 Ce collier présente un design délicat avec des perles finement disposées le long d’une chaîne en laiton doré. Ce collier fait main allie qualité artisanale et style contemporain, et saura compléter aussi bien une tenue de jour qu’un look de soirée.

= = = =

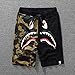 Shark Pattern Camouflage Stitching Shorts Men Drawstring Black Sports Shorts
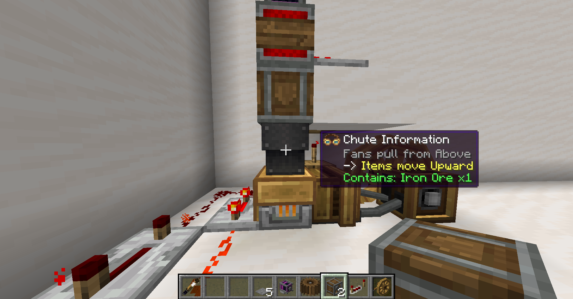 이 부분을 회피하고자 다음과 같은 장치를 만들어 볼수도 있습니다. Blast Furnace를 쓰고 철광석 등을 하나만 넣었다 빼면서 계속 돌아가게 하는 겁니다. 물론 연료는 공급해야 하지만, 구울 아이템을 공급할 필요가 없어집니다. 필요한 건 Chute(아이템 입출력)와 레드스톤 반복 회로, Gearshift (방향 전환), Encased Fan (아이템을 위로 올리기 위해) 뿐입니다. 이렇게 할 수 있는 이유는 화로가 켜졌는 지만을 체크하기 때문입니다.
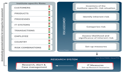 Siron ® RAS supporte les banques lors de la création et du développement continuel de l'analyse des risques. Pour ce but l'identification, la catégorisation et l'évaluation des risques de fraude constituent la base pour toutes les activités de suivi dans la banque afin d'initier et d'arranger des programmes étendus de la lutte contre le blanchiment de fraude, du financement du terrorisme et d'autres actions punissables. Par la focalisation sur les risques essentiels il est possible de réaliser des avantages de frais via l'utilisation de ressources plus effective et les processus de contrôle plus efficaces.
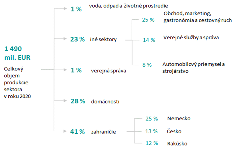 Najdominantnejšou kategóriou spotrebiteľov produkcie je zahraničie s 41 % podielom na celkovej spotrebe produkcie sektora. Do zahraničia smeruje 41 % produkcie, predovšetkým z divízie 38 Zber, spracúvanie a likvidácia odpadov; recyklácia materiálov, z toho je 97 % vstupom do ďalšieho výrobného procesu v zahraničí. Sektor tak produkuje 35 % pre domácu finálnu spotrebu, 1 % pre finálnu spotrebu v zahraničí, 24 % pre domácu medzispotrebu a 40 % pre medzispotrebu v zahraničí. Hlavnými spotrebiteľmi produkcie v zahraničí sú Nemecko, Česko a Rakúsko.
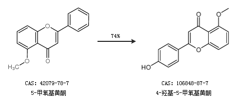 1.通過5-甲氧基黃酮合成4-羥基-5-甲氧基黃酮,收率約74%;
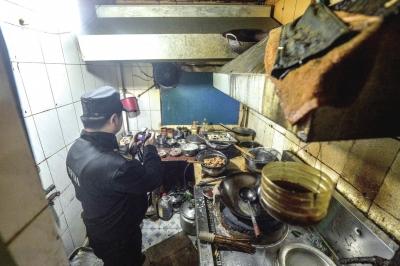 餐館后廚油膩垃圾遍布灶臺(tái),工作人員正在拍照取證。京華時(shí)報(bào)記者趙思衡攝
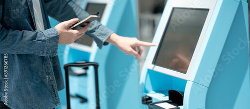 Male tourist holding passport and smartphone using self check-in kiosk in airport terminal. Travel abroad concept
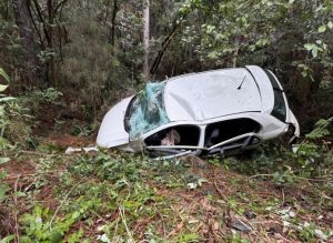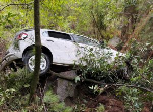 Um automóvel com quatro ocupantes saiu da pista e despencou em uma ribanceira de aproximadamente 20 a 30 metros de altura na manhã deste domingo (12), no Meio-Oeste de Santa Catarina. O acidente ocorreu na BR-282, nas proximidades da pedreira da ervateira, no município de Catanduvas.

= = = =

- _Activity_: Print everything from the line with "Najdominantnejšou kategóriou spotrebiteľov" down to the line with "Um automóvel com" in the entries above, both lines included and nothing more, without the pictures.

- _Response area_:
 Najdominantnejšou kategóriou spotrebiteľov produkcie je zahraničie s 41 % podielom na celkovej spotrebe produkcie sektora. Do zahraničia smeruje 41 % produkcie, predovšetkým z divízie 38 Zber, spracúvanie a likvidácia odpadov; recyklácia materiálov, z toho je 97 % vstupom do ďalšieho výrobného procesu v zahraničí. Sektor tak produkuje 35 % pre domácu finálnu spotrebu, 1 % pre finálnu spotrebu v zahraničí, 24 % pre domácu medzispotrebu a 40 % pre medzispotrebu v zahraničí. Hlavnými spotrebiteľmi produkcie v zahraničí sú Nemecko, Česko a Rakúsko.
 1.通過5-甲氧基黃酮合成4-羥基-5-甲氧基黃酮,收率約74%;
 餐館后廚油膩垃圾遍布灶臺(tái),工作人員正在拍照取證。京華時(shí)報(bào)記者趙思衡攝
 Male tourist holding passport and smartphone using self check-in kiosk in airport terminal. Travel abroad concept
 Um automóvel com quatro ocupantes saiu da pista e despencou em uma ribanceira de aproximadamente 20 a 30 metros de altura na manhã deste domingo (12), no Meio-Oeste de Santa Catarina. O acidente ocorreu na BR-282, nas proximidades da pedreira da ervateira, no município de Catanduvas.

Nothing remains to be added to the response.